[Dataset entries]
..........
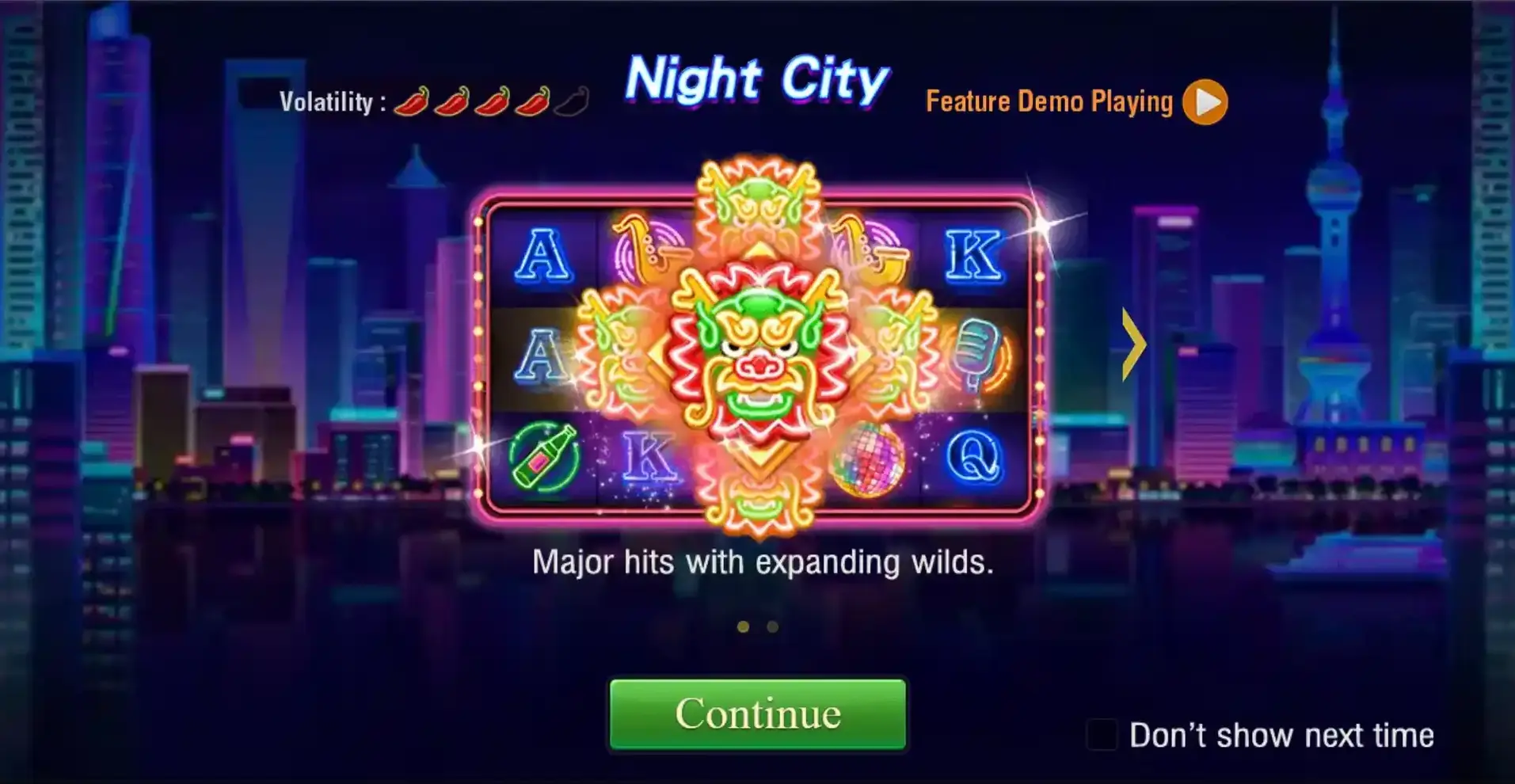 Night City introduces Party Night Game expanding wilds as a key feature. The wild symbols appear on reels 1, 2, and 3 during the night city game. These wilds can replace all symbols except for the scatter and wild symbols in BJ8 PH and when a special wild appears in the night city game, it expands both vertically and horizontally, covering additional positions on the reels. This night city creates more chances for winning combinations and can lead to big payouts. Keep an eye out for the expanding wilds as they can result in major hits during your gameplay.
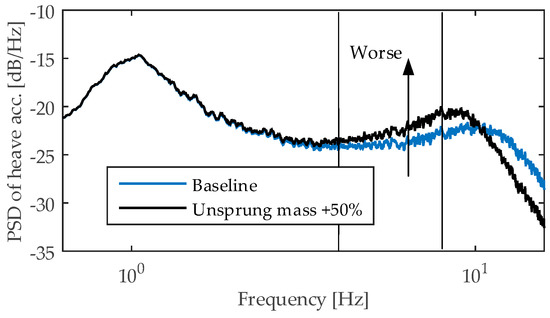 Effect of 50% increase in the unsprung mass on the vertical acceleration of vehicle body. The resultant worsening of ride comfort is reflected by higher Power Spectral Density in the frequency range 4–8 Hz, where the driver is more sensitive to vertical accelerations.
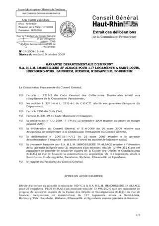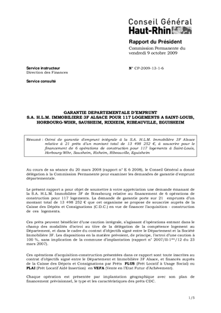 GARANTIE DEPARTEMENTALE D’EMPRUNT S.A. H.L.M. IMMOBILIERE 3F ALSACE POUR 117 LOGEMENTS A SAINT-LOUIS, HORBOURG-WIHR, SAUSHEIM, RIXHEIM, RIBEAUVILLE, EGUISHEIM
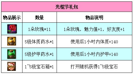活动描述:玩家在线即可获得神曲赠送的光棍节礼包
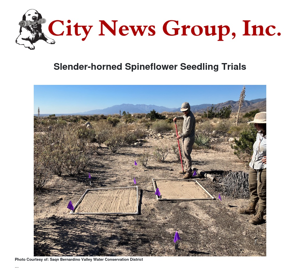 The District's field staff and environmental consulting team from Dudek spread more than 100,000 seeds of endangered slender-horned spineflower (Dodecahema leptoceras) into areas of the Upper Santa Ana River Wash preserve where the plant does not currently grow. A total of 260,000 seeds were initially collected from 418 plants through a seed-bulking process. The project's aim is to lay a foundation for successful introduction of the species so it can establish new populations. Each seeding area contains individual locations, or trial blocks, which are made up of various study plots. Seeding occurred within trial areas of Plunge Creek and Cone Camp and may be expanded to additional seeding locations meeting the goals of the Santa Ana Wash Plan.
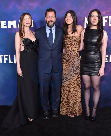 Jackie Sandler, Adam Sandler, Sunny Sandler and Sadie Sandler arriving to Netflix's ‘Spaceman' Special Screening at Egyptian Theatre on February 26, 2024 in Hollywood
..........
[Problem requirements] Set down, exactly as written above, each line from the one with "Effect of 50%" through the one with "The District's field", and skip the pictures.

[Solution for this problem]
 Effect of 50% increase in the unsprung mass on the vertical acceleration of vehicle body. The resultant worsening of ride comfort is reflected by higher Power Spectral Density in the frequency range 4–8 Hz, where the driver is more sensitive to vertical accelerations.
 GARANTIE DEPARTEMENTALE D’EMPRUNT S.A. H.L.M. IMMOBILIERE 3F ALSACE POUR 117 LOGEMENTS A SAINT-LOUIS, HORBOURG-WIHR, SAUSHEIM, RIXHEIM, RIBEAUVILLE, EGUISHEIM
活动描述:玩家在线即可获得神曲赠送的光棍节礼包
 The District's field staff and environmental consulting team from Dudek spread more than 100,000 seeds of endangered slender-horned spineflower (Dodecahema leptoceras) into areas of the Upper Santa Ana River Wash preserve where the plant does not currently grow. A total of 260,000 seeds were initially collected from 418 plants through a seed-bulking process. The project's aim is to lay a foundation for successful introduction of the species so it can establish new populations. Each seeding area contains individual locations, or trial blocks, which are made up of various study plots. Seeding occurred within trial areas of Plunge Creek and Cone Camp and may be expanded to additional seeding locations meeting the goals of the Santa Ana Wash Plan.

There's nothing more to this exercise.